KUALA LUMPUR: CIMB Equities Research expects nitrile glove maker Hartalega to record stronger quarters ahead in tandem with the rollout of new capacity.
It said on Wednesday the first of 12 lines at Plant 5 (capacity of 4.5 billion pieces per annum when fully commissioned) began commercial production in August. Its ramp-up plans involves installing two lines per month.
“Plant 6 is also under construction; we expect a gradual ramp-up in production starting 1QFY20 (2QCY19). The group also said it has plans for a smaller plant, Plant 7, to make specialty gloves with lower volume but higher margins.
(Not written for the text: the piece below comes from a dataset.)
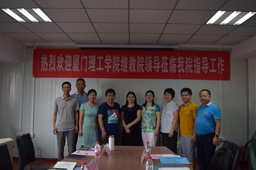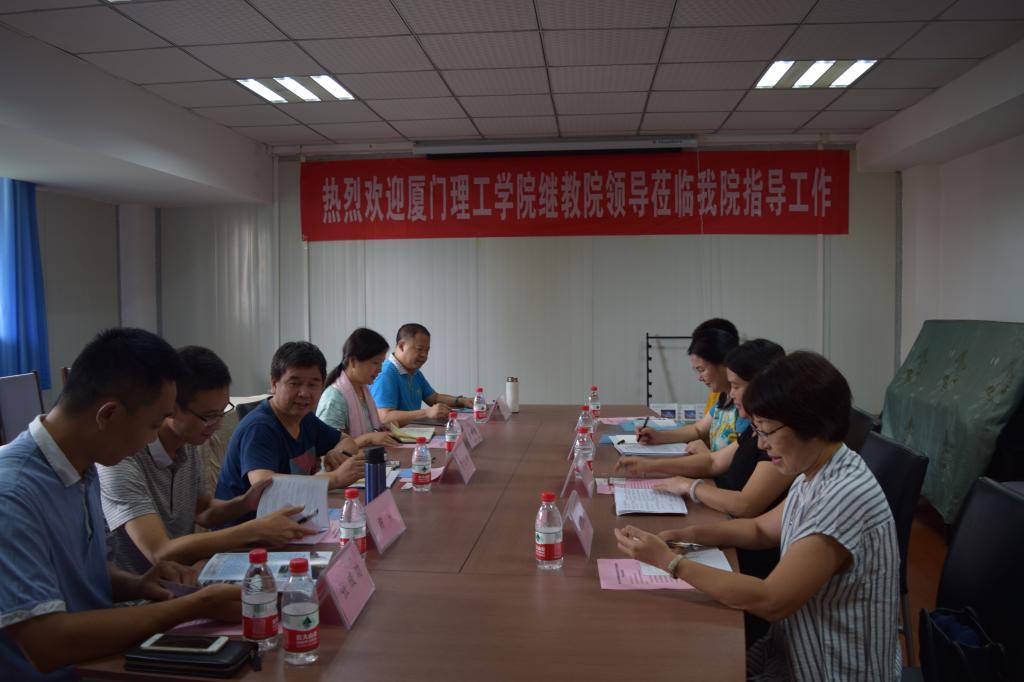 2017年9月1日,厦门理工学院48365-365.com张晓娟副院长一行到我校交流工作。我校48365-365.com胥江河院长、杜朝辉副院长、成教办谢华主任、培训班张成功主任、综合办主任陈之举参加了交流会。48365-365.com杜朝辉副院长主持了本次交流会。胥江河院长和张晓娟副院长分别对双方学院基本情况做了介绍,随后,双方围绕继续教育招生情况、教学情况、规章制度等展开了热烈的讨论与交流。

We gather commercial production for Plant 7 is slated for 2HCY19,” it said.
To recap, on May 31, Hartalega launched the world’s first non-leaching antimicrobial glove in the UK which will be its launch pad to target its European customers. It has also applied to US Food and Drug Administration (FDA) and is aiming for an approval by 1QCY20 for the sale the new gloves to the US market.
Hartalega said it aims to sell up to 1bn pieces of the product in FY19 and will ramp up production if necessary to meet demand.
On pricing, Hartalega said it will be priced competitively with any pricing premium adequate to cover extra production costs.
“We make no changes to our FY19-21F EPS estimates. Our Hold call is retained, but we raise our TP to RM6.30. The stock is now pegged to a higher P/E multiple of 34.5 times, in line with +one standard deviation of its three-year mean, from 31.5 times previously.
“In our view, Hartalega should continue to trade at a higher premium to its peers due to: i) its status as the sole glove manufacturer in KLCI index, ii) the strongest EPS growth in the glove sector, and iii) its leading position in the nitrile segment in terms of technology,” it said.